La femme du Vème
« Vous me rappelez mon mari : comme vous il était écrivant. Et pas très heureux. »
Tom Ricks, romancier américain, la quarantaine, vient à Paris dans l’espoir de renouer avec sa fille. Mais rien ne se passe comme prévu : démuni, logé dans un hôtel miteux, il se retrouve contraint de travailler comme gardien de nuit. Alors qu’il croit toucher le fond, Margit, sensuelle et mystérieuse, fait irruption dans sa vie. Leur relation passionnée déclenche une série d’évènements inexplicables, comme si une force obscure prenait le contrôle de sa vie.
« Tu as la même vue que moi. Je savais que nous partagions la même vision du monde »
Il n’aura fallu qu’une décennie à Douglas Kennedy pour s’imposer comme l’un des auteurs les plus populaires et les plus lus des deux côtés de l’Atlantique. Pas étonnant, donc, que le cinéma s’intéresse à son œuvre. Et plus encore le cinéma français, puisque le romancier américain vit en Europe (plus précisément entre Paris et Londres) depuis plus de trente ans. Ainsi, après Eric Lartigau qui adaptait l’an passé « L’homme qui voulait vivre sa vie », place cette fois à Pawel Pawlikowski qui se risque à adapter « La femme du Vème » (publié en 2007), réputé pour être le roman le plus étrange et le moins accessible de l’auteur.
« C’est comme si mon vrai moi était ailleurs, recevant un prix honorifique ou regardant sa femme s’habiller pour aller assister à un récital de piano de notre fille, et que le moi d’ici n’était qu’un double triste »

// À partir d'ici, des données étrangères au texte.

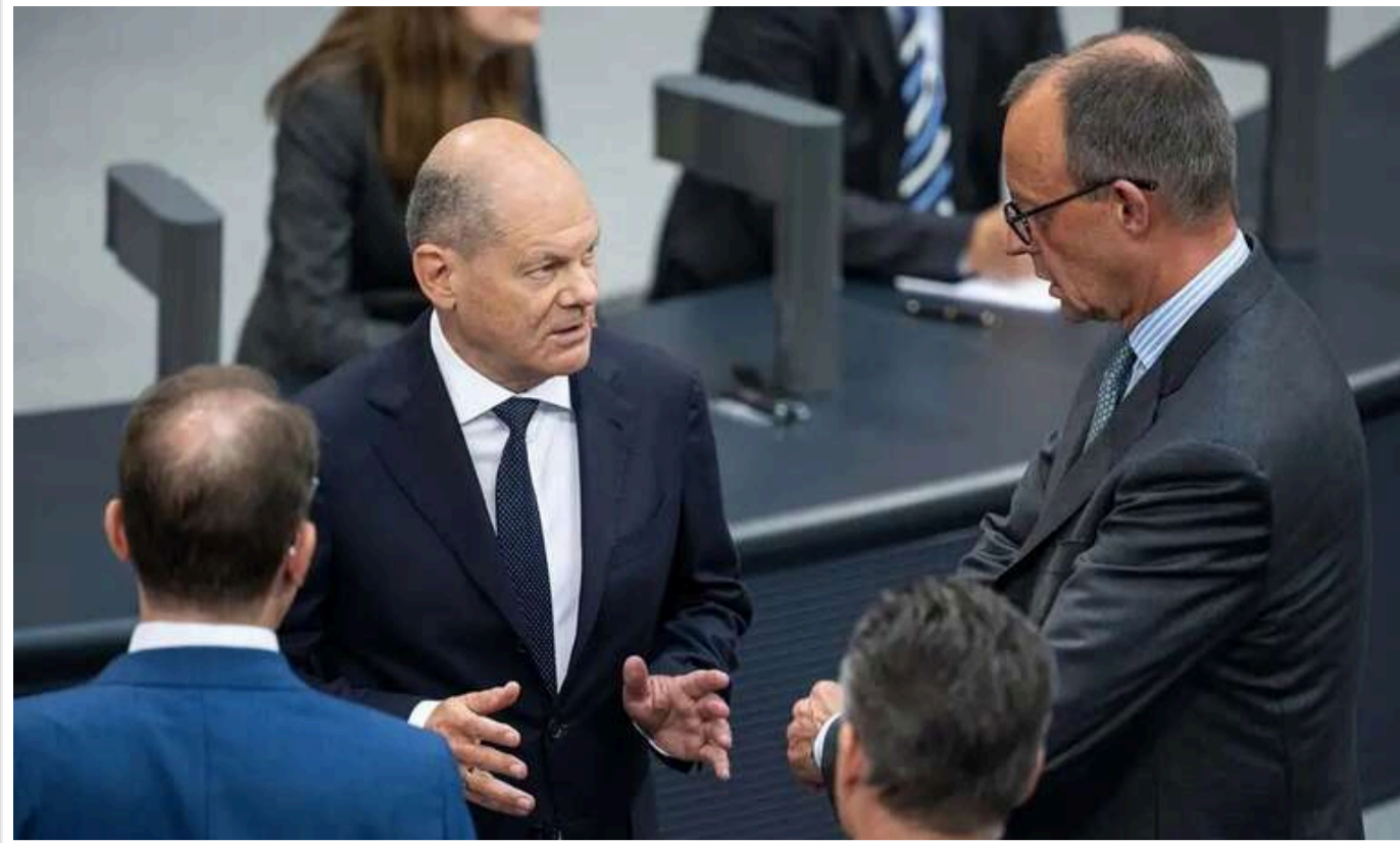
Spiegel: Боротьба за посаду нового канцлера Німеччини розгортається довкола теми України

Як повідомляє видання, замість того, щоб чітко пояснити свою позицію, Шольц і Мерц "застрягли в колі взаємних звинувачень".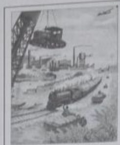
发展交通运输业轻工业 农业及商业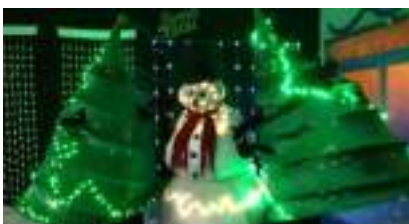
Le BONHOMME de NEIGE GEANT, ses SAPINS de NOEL et leurs Faits d'Hiver !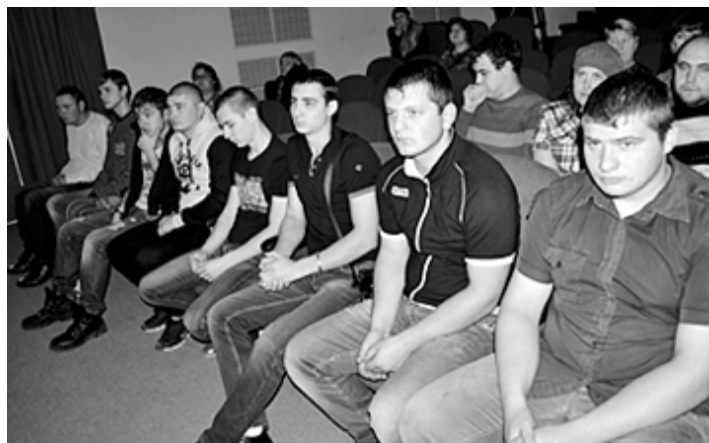
Фото и текст Тамары БЫЧКОВОЙ.

конкурса «Мастер Тюменской области» – от департамента культуры Тюменской области.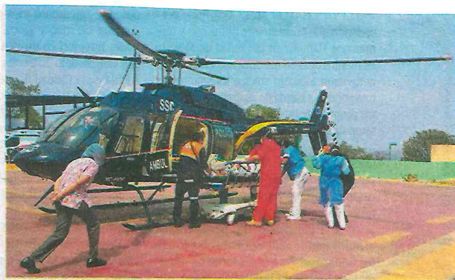
Minutos cruciales en la unidad aérea para atender a la mujer de un mal cardíaco

En el lugar, los Cóndores entregaron a la ciudadana a personal médico, quien se encargará de brindarle la atención correspondiente a su estado de salud.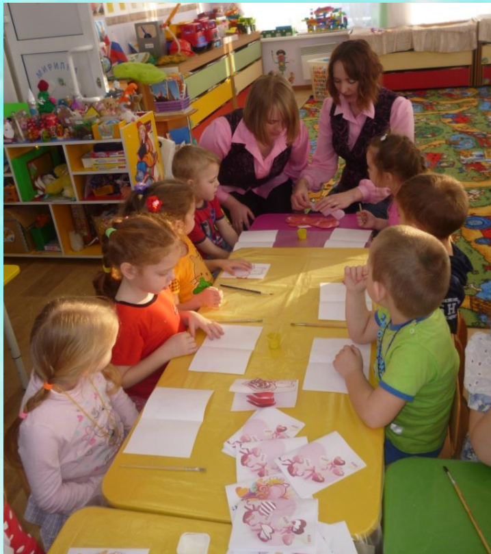
Мастерская «Валентинка к празднику»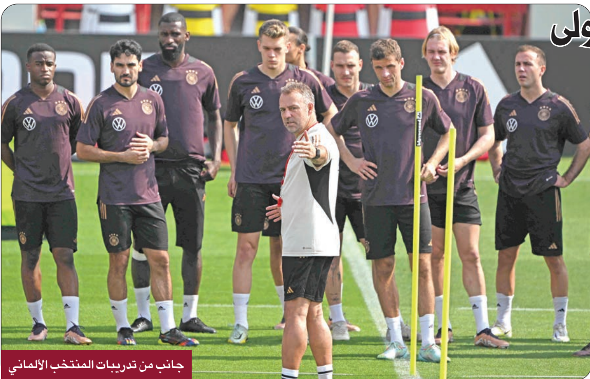
جانب من تدريبات المنتخب الألماني

On ne peut pas dire de Pawel Pawlikowski qu’il est un débutant. En effet, cet ancien documentariste a tout de même réalisé une poignée de films ces dix dernières années (dont le dernier en date, « My summer of love » sorti chez nous en 2005), pour la plupart restés (très) confidentiels. Pour autant, le choix d’adapter « La femme du Vème » était peut-être un défi un peu trop ambitieux. Roman kafkaïen, « La femme du Vème » est en effet une œuvre troublante et mystérieuse, sorte de vertigineuse descente aux enfers jusqu’aux limites de la folie, tirant son originalité de ses accents fantastiques et surnaturels. Tout en prenant beaucoup de libertés par rapport au texte originel dont il refuse d’être l’otage (notamment en zappant les raisons de l’arrivée du héros à Paris et les raisons pour lesquelles il ne peut pas voir sa fille), Pawlikowski réussit plutôt bien à recréer cette atmosphère oppressante et anxiogène, en s’appuyant notamment sur le jeu puissant et parfait de ses comédiens (notamment Ethan Hawke, qui nous surprend dans un rôle en français). Loin des décors de carte postale auxquelles nous habituent trop souvent les réalisateurs étrangers, le cinéaste choisit comme dans le roman des décors parisiens inhabituellement glauques, à l’image du bouge dans lequel vit le héros. De ce fait, chaque apparition de Margit n’en est que plus lumineuse et plus sensuelle. Pourtant, très vite, le film patine. Perdant peu à peu le fil de l’intrigue, le spectateur hébété se retrouve avec en tête une foule de questions : Qui a bien pu tuer le voisin rappeur ? Qui a enlevé la petite fille et pourquoi ? Et qui peut bien être cette femme du Vème – un fantôme ou un fantasme ? – qui lui murmure inlassablement qu’il « ne sait pas ce dont il est capable » ? Une sorte de labyrinthe mental très intrigant dont seul le réalisateur à la clé. Manque de bol, il a oublié de nous en laisser un jeu.